(WORK TASK): Your output should be the exact lines from the start of the data through the line containing "камином и бильярдом", with no pictures.

(DATA PROVIDED):
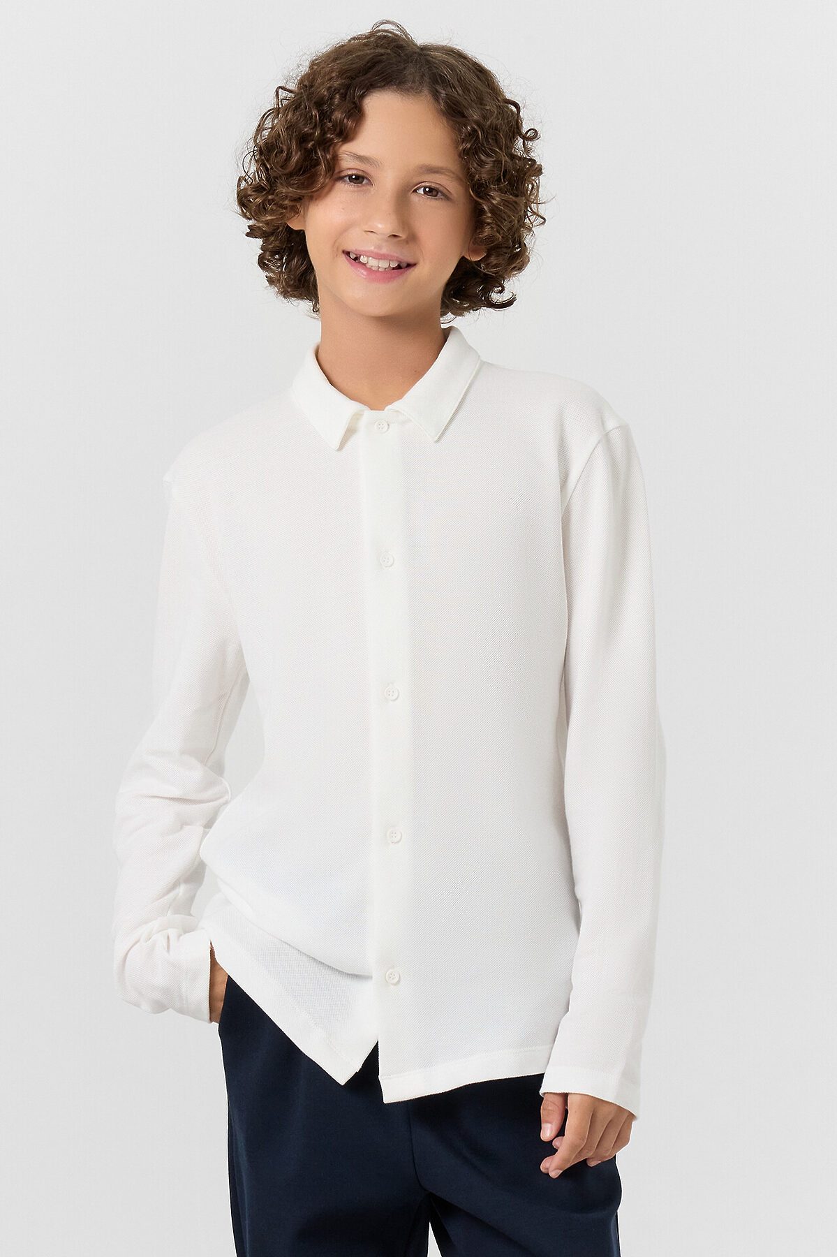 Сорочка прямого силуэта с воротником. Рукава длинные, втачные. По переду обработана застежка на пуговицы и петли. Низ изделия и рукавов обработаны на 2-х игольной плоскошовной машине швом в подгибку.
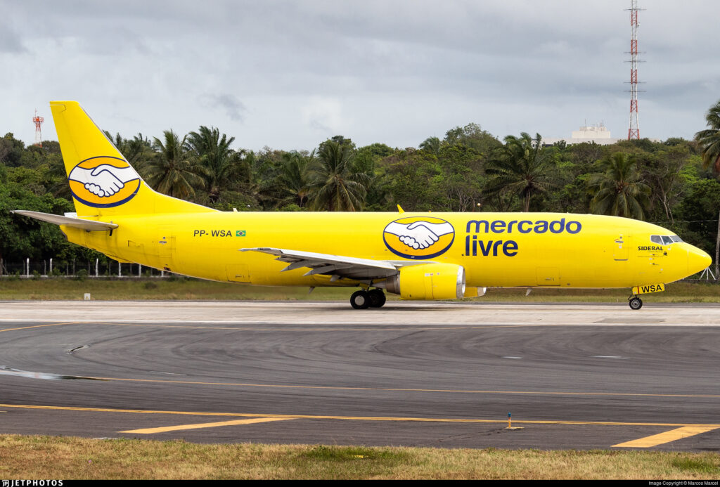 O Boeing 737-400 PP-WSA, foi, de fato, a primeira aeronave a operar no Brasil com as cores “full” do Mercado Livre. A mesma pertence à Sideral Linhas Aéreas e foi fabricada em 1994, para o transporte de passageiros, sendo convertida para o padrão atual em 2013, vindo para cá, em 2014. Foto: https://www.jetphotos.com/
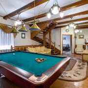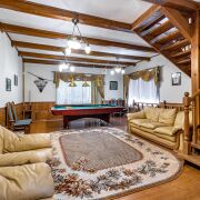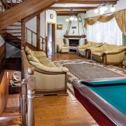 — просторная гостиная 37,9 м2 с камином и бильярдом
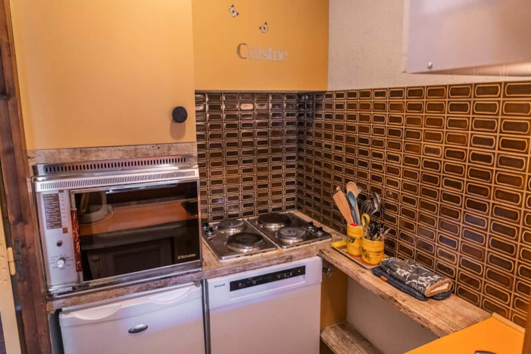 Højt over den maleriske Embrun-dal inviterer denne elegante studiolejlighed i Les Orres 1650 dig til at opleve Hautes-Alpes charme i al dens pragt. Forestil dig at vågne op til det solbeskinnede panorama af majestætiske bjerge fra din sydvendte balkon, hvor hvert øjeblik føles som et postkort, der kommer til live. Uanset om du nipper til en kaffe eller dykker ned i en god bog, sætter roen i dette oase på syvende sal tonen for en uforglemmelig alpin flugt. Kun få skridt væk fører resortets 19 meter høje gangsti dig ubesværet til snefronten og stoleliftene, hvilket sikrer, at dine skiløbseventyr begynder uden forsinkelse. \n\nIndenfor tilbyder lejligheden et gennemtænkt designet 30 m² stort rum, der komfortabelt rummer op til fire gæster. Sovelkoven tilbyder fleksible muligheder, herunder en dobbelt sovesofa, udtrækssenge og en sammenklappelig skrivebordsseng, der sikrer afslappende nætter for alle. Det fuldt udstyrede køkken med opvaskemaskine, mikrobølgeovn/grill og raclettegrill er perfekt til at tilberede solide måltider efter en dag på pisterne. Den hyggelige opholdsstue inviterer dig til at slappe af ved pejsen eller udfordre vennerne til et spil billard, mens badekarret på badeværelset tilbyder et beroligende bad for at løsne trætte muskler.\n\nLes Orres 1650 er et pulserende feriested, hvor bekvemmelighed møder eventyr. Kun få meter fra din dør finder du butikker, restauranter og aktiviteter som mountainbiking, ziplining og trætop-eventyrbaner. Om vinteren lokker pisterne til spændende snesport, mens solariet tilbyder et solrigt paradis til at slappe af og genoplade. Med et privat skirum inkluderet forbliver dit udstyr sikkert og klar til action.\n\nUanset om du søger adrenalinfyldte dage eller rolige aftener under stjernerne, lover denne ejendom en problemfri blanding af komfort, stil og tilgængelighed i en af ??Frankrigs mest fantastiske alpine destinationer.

(RESULT OF THIS TASK):
 Сорочка прямого силуэта с воротником. Рукава длинные, втачные. По переду обработана застежка на пуговицы и петли. Низ изделия и рукавов обработаны на 2-х игольной плоскошовной машине швом в подгибку.
 O Boeing 737-400 PP-WSA, foi, de fato, a primeira aeronave a operar no Brasil com as cores “full” do Mercado Livre. A mesma pertence à Sideral Linhas Aéreas e foi fabricada em 1994, para o transporte de passageiros, sendo convertida para o padrão atual em 2013, vindo para cá, em 2014. Foto: https://www.jetphotos.com/
 — просторная гостиная 37,9 м2 с камином и бильярдом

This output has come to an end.